Reputation: 878
I have a repository with a series of commits. Lets say two old commits are A and directly after it C:
A--C
In commit C I have not checked in a new version of the old files, but in fact completely new files with the same name.
This makes the diff for commit C look messy - in fact this diff does not make sense as the files are completely different anyway.
What I want is to add a commit between A and C (let's call this one B then):
A--B--C
In this commit B I want to remove the files and folders, which I have changed with C.
I know that with the following I can add a new commit between A and C:
git rebase --interactive A^
then doing an "edit" on commit A
and then
git rm -rf file folder/
git commit -m "B" # New commit with name B
How do I now get the same files and folders, which I had after the original commit C, meaning before B was in place?

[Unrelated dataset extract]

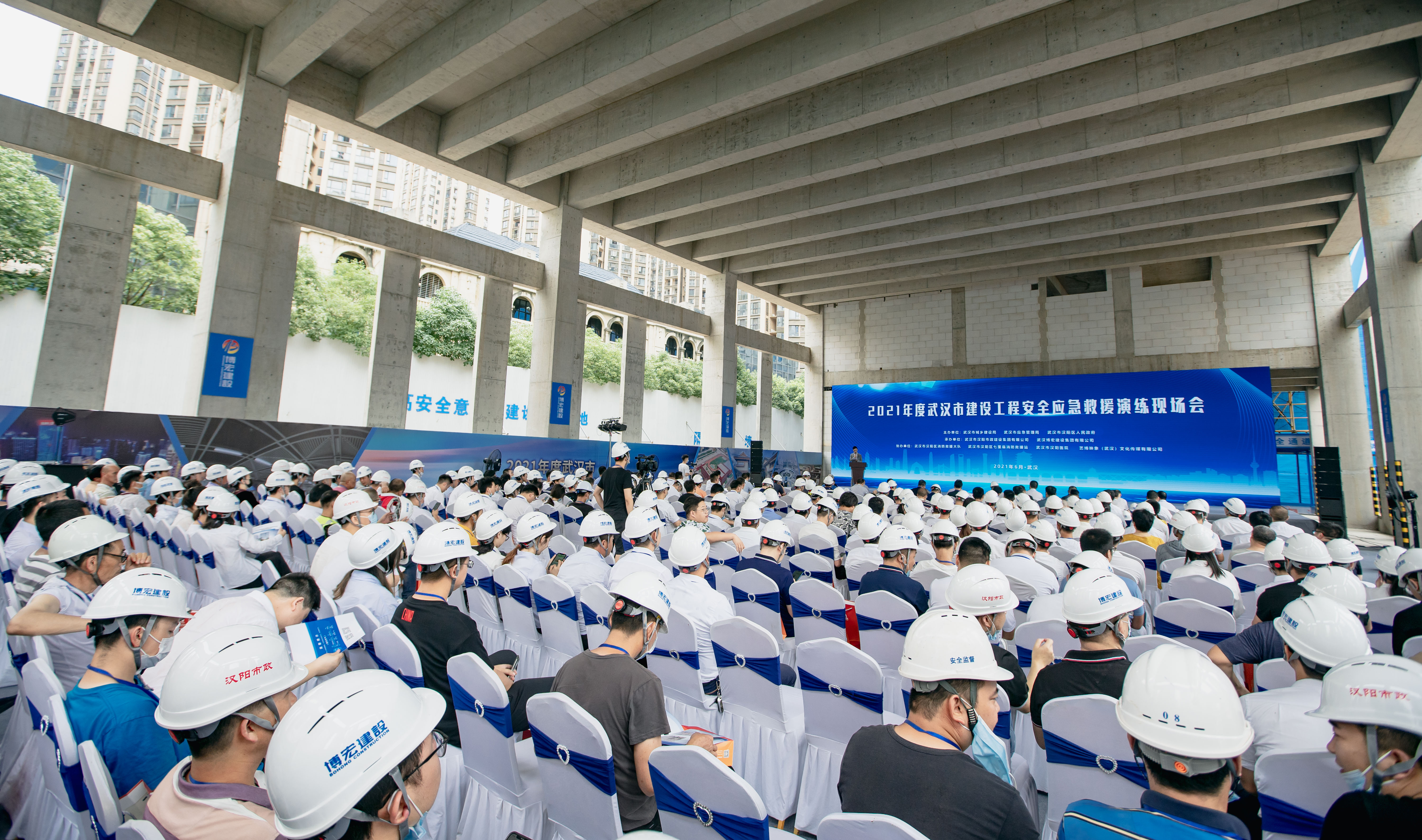 以全國第20個“安全生產月”為契機,“2021年度武漢市建設工程安全應急救援演練現(xiàn)場會”活動在漢陽市政博宏公司漢陽市政建設大廈項目現(xiàn)場順利舉行。武漢市城鄉(xiāng)建設局副局長榮先國、武漢市應急管理局副局長喻思源、武漢市漢陽區(qū)副區(qū)長蔡松、湖北省質安總站副站長周偉、武漢市安全站站長楊劼、武漢建筑業(yè)協(xié)會秘書長李祥林、漢陽區(qū)建設局局長胡紅勝、漢陽區(qū)應急管理局局長李漢光、各區(qū)建設局、相關建設單位及同行施工單位共計400余人參加本次活動。活動由漢陽市政集團公司、漢陽市政博宏公司共同承辦。

With other words: How can I get C again, but without the removal I did in B?
Upvotes: 2
Views: 228
Reputation: 878
Here are the steps I have done to solve the issue:
git checkout A
git rm -rf file folder/
# Create a new commit with name B on top of A:
git commit -m "B"
# On top of B create a new commit with what was C:
echo 'new C commit' | git commit-tree C^{tree} -p HEAD
This will create a new C commit and return its SHA hash. At this point, a checkout of the new C commit contains exactly what you would get, if you checked out the original C commit.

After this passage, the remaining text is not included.